[Stored data]

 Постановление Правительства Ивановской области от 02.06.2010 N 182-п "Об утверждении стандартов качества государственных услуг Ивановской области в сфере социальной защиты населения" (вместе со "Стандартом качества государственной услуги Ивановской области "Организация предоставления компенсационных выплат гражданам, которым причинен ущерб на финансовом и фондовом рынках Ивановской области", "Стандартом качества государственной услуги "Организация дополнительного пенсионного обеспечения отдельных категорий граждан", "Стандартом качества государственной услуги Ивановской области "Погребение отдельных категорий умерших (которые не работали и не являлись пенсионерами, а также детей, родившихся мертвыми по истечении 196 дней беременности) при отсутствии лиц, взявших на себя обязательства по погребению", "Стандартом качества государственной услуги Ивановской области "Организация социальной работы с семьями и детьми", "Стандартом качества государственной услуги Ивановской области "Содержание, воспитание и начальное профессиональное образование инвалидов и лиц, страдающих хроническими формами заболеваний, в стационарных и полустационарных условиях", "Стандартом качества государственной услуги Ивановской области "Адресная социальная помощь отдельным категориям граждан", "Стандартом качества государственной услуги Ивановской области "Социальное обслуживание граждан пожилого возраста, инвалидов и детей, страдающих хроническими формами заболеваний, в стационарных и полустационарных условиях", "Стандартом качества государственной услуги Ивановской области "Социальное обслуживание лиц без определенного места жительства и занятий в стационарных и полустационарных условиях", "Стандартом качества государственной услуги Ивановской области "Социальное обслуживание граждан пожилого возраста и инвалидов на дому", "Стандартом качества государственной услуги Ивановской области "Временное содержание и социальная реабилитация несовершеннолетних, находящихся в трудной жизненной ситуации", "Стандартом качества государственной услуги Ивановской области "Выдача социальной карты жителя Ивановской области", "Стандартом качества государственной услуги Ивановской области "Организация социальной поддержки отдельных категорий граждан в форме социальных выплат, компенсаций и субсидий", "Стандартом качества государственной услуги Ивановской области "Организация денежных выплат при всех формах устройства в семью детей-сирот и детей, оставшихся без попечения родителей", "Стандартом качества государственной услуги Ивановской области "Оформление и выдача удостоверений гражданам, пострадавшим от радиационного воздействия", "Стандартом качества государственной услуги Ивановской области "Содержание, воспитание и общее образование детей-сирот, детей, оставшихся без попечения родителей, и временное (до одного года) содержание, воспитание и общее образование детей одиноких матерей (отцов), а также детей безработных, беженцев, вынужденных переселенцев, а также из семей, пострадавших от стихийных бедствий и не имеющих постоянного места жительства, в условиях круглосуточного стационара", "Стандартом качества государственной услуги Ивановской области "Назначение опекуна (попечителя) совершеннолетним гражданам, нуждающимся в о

[/Stored data]
[Stored data]

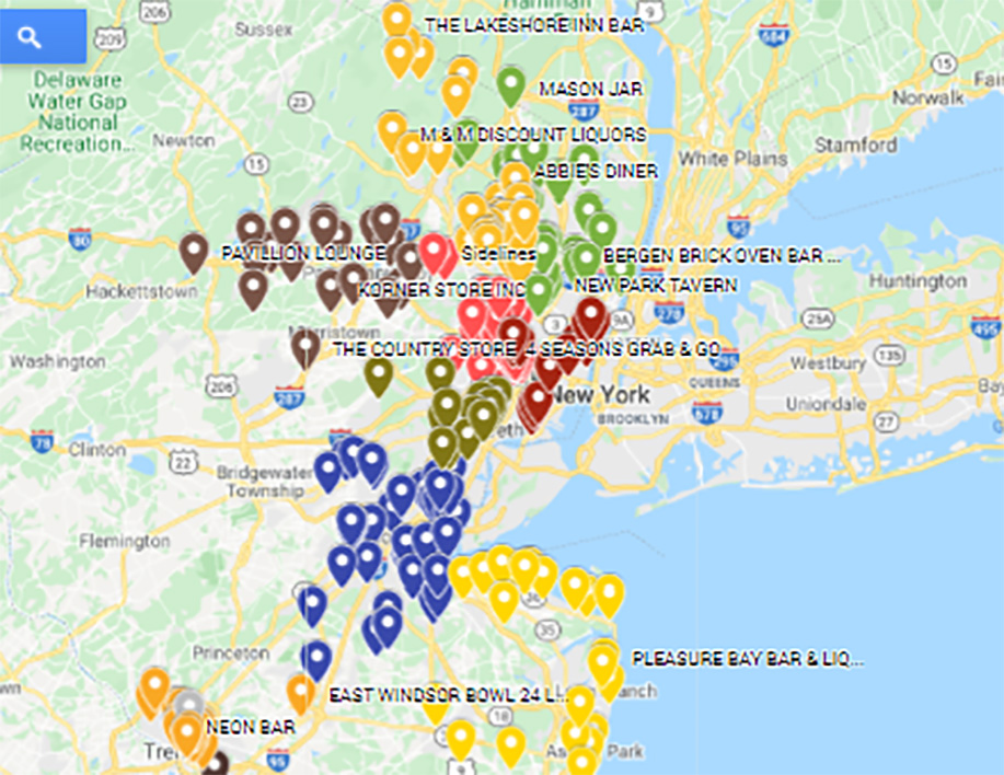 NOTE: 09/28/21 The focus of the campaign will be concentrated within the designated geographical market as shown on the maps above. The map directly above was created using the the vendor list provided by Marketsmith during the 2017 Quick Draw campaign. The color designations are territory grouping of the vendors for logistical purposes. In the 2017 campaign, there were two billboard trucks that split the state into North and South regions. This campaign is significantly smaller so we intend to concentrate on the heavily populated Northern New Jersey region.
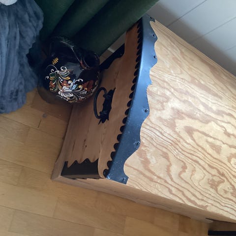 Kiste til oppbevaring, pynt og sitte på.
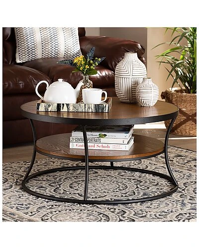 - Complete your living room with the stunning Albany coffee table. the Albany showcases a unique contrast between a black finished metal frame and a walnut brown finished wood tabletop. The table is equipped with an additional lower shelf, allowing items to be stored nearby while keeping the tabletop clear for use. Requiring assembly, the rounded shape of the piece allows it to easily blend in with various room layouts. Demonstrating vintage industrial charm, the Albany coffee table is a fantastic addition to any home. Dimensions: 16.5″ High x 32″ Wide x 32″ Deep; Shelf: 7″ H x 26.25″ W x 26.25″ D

[/Stored data]
[Stored data]

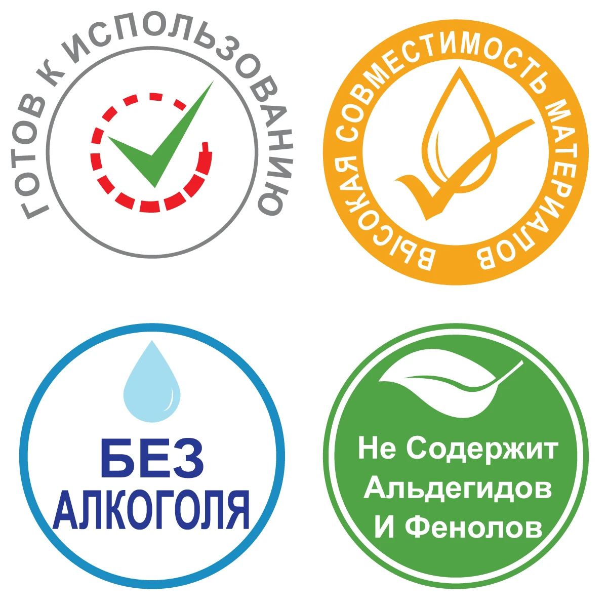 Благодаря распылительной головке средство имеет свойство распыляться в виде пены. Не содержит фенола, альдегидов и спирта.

[/Stored data]

» **Instructions to follow**:
Using the records above, print exactly the lines between the ones containing "Kiste til oppbevaring, pynt og sitte på." and "- Complete your", inclusive, and nothing else; no pictures.

» **Result of the exercise**:
 Kiste til oppbevaring, pynt og sitte på.
 - Complete your living room with the stunning Albany coffee table. the Albany showcases a unique contrast between a black finished metal frame and a walnut brown finished wood tabletop. The table is equipped with an additional lower shelf, allowing items to be stored nearby while keeping the tabletop clear for use. Requiring assembly, the rounded shape of the piece allows it to easily blend in with various room layouts. Demonstrating vintage industrial charm, the Albany coffee table is a fantastic addition to any home. Dimensions: 16.5″ High x 32″ Wide x 32″ Deep; Shelf: 7″ H x 26.25″ W x 26.25″ D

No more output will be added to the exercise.